Which GPT-5 model should I use?

Use GPT-5.4 as your default for complex reasoning and coding. Use GPT-5.3 Instant for fast everyday tasks at lower cost. Use GPT-5.3 Codex for cost-sensitive coding with heavy input. GPT-5.4 Mini and Nano are best for latency-sensitive production applications.

How many GPT-5 models are there?

OpenAI currently offers 6 GPT-5 family models: GPT-5.4 (flagship), GPT-5.4 Mini (balanced), GPT-5.4 Nano (fastest), GPT-5.3 Codex (coding specialist), GPT-5.3 Instant (everyday tasks), and GPT-5.2 Thinking (legacy, retiring June 2026).

What is GPT-5.4's context window?

GPT-5.4 has a 1,050,000-token context window via API — the largest in the GPT-5 family. GPT-5.3 Codex has 400,000 tokens. This allows GPT-5.4 to process entire large codebases in a single context.

How much does GPT-5.4 cost?

GPT-5.4 costs $2.50 per million input tokens and $10.00 per million output tokens. Cached input costs $0.63 per million tokens. It's more expensive than GPT-5.3 models but more token-efficient per task.

Is GPT-5.2 being retired?

Yes. GPT-5.2 Thinking will be retired on June 5, 2026. OpenAI recommends migrating to GPT-5.4, which exceeds GPT-5.2's capabilities across all benchmarks.

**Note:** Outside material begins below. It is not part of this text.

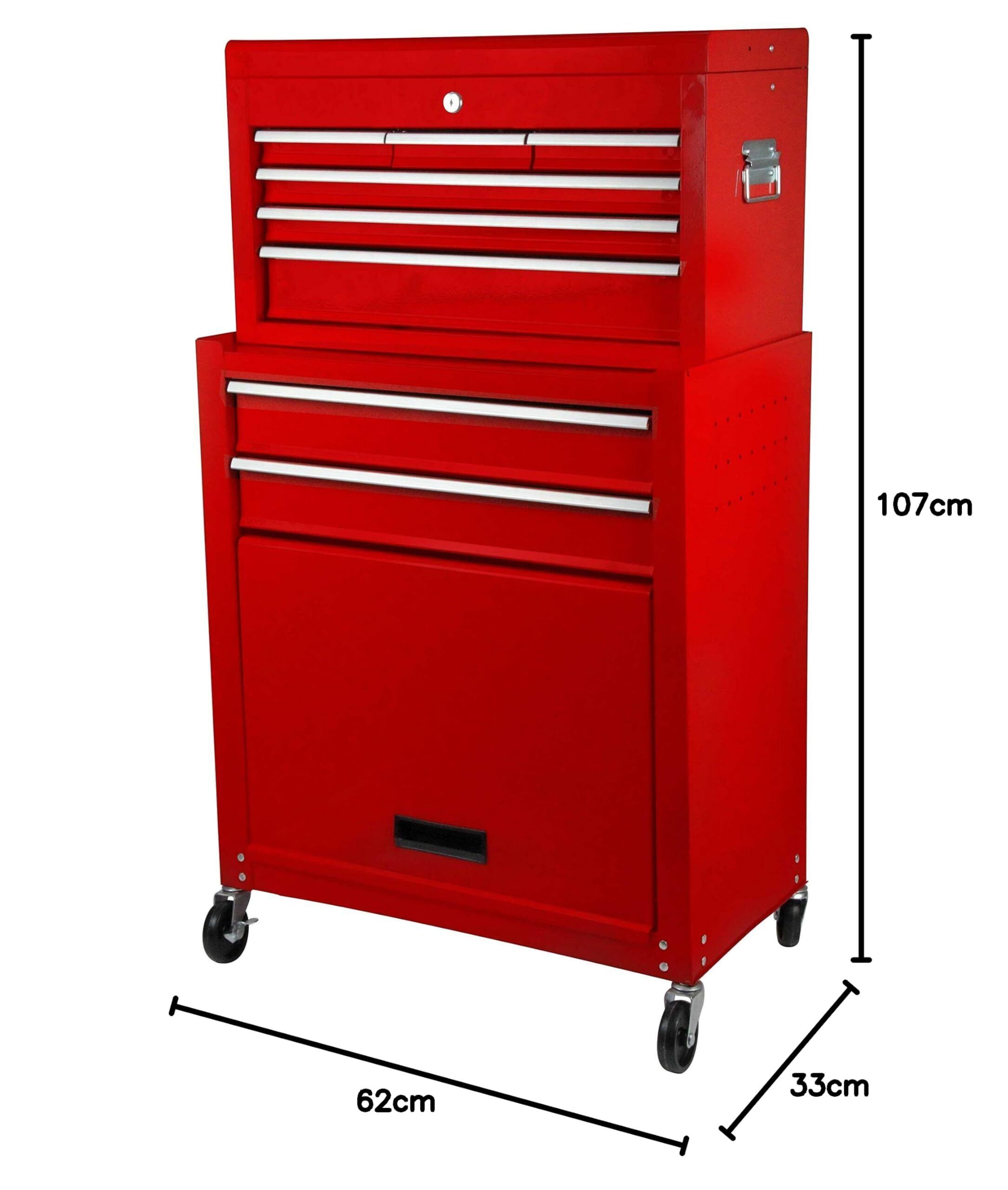 セットサイズ(トップチェストをローラーキャビネットに設置した場合):幅620×奥330×高さ1070mm、セット重量:27.5kg、鉄板厚:0.7mm

What is GPT-5.3 Instant good for?

GPT-5.3 Instant is optimized for high-throughput everyday tasks at approximately $0.30/$1.20 per million tokens — the cheapest GPT-5 model. It excels at Q&A, how-tos, technical writing, and translation with 26.8% fewer hallucinations than its predecessors.

Key Takeaways

GPT-5.4 is the new default: Launched March 5, 2026, it merges GPT-5.3 Codex's coding prowess with broader reasoning, a 1M-token context, and native computer use.
Six models serve different needs: Flagship (5.4), balanced (5.4 Mini), fast (5.4 Nano), coding specialist (5.3 Codex), everyday (5.3 Instant), and legacy (5.2 Thinking).
Price spans 10x: From $0.30/MTok (GPT-5.3 Instant) to $2.50/MTok (GPT-5.4) on input — choosing the right model directly impacts your bill.
GPT-5.2 retires June 5: Migrate now to avoid disruption.

The Complete Guide to OpenAI's GPT-5 Model Family

OpenAI's GPT-5 family has grown into six distinct models, each optimized for a different trade-off between capability, speed, and cost. Choosing the wrong model means either overpaying for simple tasks or under-powering complex ones.

This guide covers every model, with pricing, benchmarks, and a clear decision framework.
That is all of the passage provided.